I tried running a script like this:
def main():
# Initialize Spark Session with Hive support
spark = SparkSession.builder
.appName("Read Hive Data")
.config("spark.sql.warehouse.dir", "file:///usr/local/hive/warehouse")
.enableHiveSupport()
.getOrCreate()
# Read the table
table_df = spark.sql('SELECT * FROM default.XYZ')
table_df.show()
and it all works fine, it seems the configuration works.
But when I create a separate function in a separate script:
def func1(spark: SparkSession) -> None:
# Read the table
table_df = spark.sql('SELECT * FROM default.XYZ')
table_df.show()
In main then I do:
from script import register_cte_from_hive
spark = SparkSession.builder
.appName("Read Hive Data")
.config("spark.sql.warehouse.dir", "file:///usr/local/hive/warehouse")
.enableHiveSupport()
.getOrCreate()
func1(spark)
And surprisingly, I get:
pyspark.errors.exceptions.captured.AnalysisException: [TABLE_OR_VIEW_NOT_FOUND] The table or view XYZ cannot be found.
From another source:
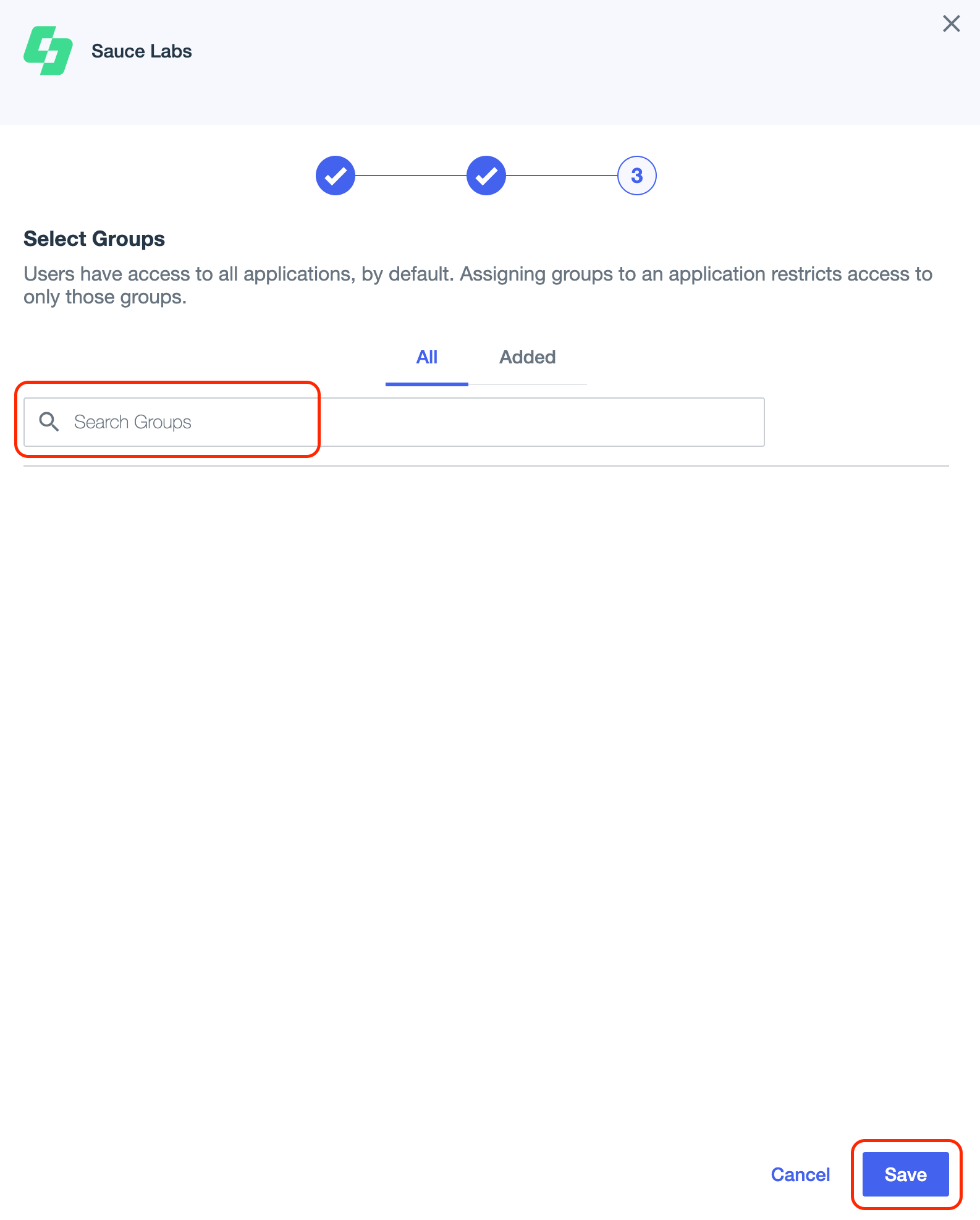 6. Optionally, choose which groups should have access to Sauce Labs via this SAML application and click Save.

Verify the spelling and correctness of the schema and catalog.
If you did not qualify the name with a schema, verify the current_schema() output, or qualify the name with the correct schema and catalog.
I verified that I operate on the same venv, in the same project, I don’t understand why spark would find the table without a problem in one script, and not see it in another.
Thanks